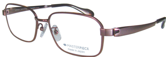
C10 : IPBR IP ブラウン

純日本製による最高の掛け心地への追求と「こだわり」 http://clear-vision.jp/masterpiece
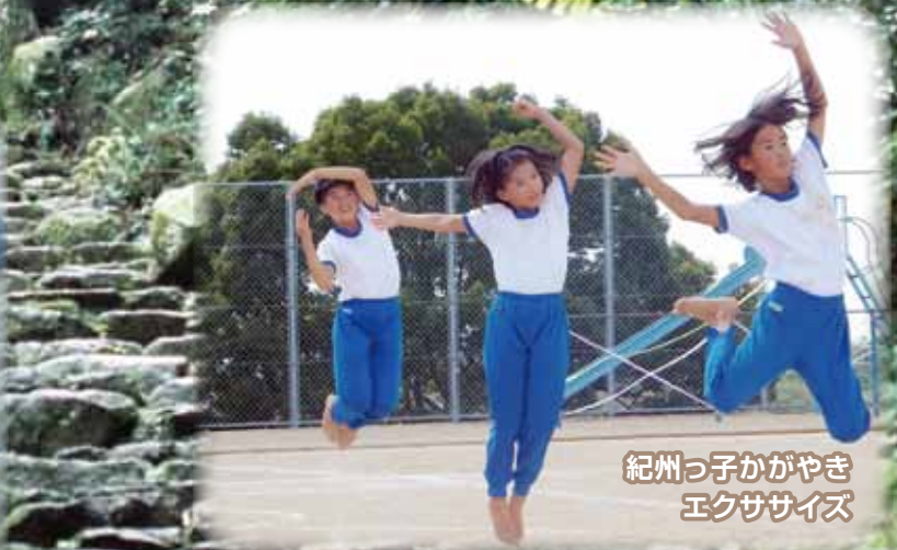
紀州っ子がやき エクササイズ

#### [Problem requirements]
Write out each line of the data exactly; the images should be left out.

#### [Answer to this exercise]
C10 : IPBR IP ブラウン

純日本製による最高の掛け心地への追求と「こだわり」 http://clear-vision.jp/masterpiece
紀州っ子がやき エクササイズ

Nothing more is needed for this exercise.